An example on how to launch LeRobot training with FSDP across 4 GPUs (1 machine):
```bash
accelerate launch --config_file fsdp.yaml --num_processes=4 $(which lerobot-train) \
--dataset.repo_id=${HF_USER}/my_dataset \
--policy.type=<your_policy> \
--output_dir=outputs/train/my_policy_fsdp
```
A minimal `fsdp.yaml` (FSDP1; shards params/grads/optimizer — ZeRO-3-equivalent):
```yaml
compute_environment: LOCAL_MACHINE
distributed_type: FSDP
mixed_precision: bf16
num_machines: 1
num_processes: 4
fsdp_config:
fsdp_version: 1
fsdp_sharding_strategy: FULL_SHARD # params + grads + optimizer (ZeRO-3)
fsdp_auto_wrap_policy: TRANSFORMER_BASED_WRAP
fsdp_transformer_layer_cls_to_wrap: <YourTransformerBlock> # repeated block class to shard
fsdp_use_orig_params: true # required: optimizer is built pre-prepare
fsdp_state_dict_type: FULL_STATE_DICT
```
Set `fsdp_transformer_layer_cls_to_wrap` to your model's repeated transformer-block class so each
block is sharded as its own unit. `fsdp_use_orig_params: true` is required because LeRobot builds the
optimizer before `accelerator.prepare()`.
### FSDP checkpoints
LeRobot gathers the full state dict across all ranks and the main process writes it as a single
`model.safetensors`, loadable as usual with `Policy.from_pretrained(...)`. Two things to look out for:
- **Checkpoints store fp32 weights.** Under mixed precision (`bf16`/`fp16`) FSDP keeps an fp32 master
copy, and the checkpoint saves it (~2× the bf16 size on disk) so training can resume consistently
with the fp32 optimizer state; `from_pretrained` casts back to the policy dtype on load. FSDP-specific
caveat: an fp32 checkpoint is materialized in full precision on the target device _before_ casting,
so loading it for inference on a tight GPU can OOM even when the bf16 model would fit — load on CPU
first, or cast `model.safetensors` to the deployment dtype offline.
- The sharded optimizer state is gathered into a full (world-size-independent) state dict and saved
alongside the model in the same `optimizer_state.safetensors` / `optimizer_param_groups.json`
format as single-GPU training, so **resume-from-checkpoint is supported** with `--resume=true`.

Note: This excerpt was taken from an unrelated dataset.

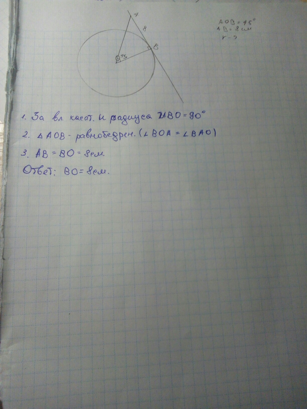 К окружности с центром О провели касательную АВ (В-точка касания).Найдите радиус окружности, если АВ=8см и угол АОВ=45 градусам.

Resume reshards both the model and the optimizer state to the _current_ FSDP topology, so you can
resume an FSDP checkpoint on a different number of GPUs. Note that the data sampler is only
sample-exact when the world size and batch size match the original run (a warning is logged
otherwise); the optimizer/model state itself is unaffected.
## Notes
- The `--policy.use_amp` flag in `lerobot-train` is only used when **not** running with accelerate. When using accelerate, mixed precision is controlled by accelerate's configuration.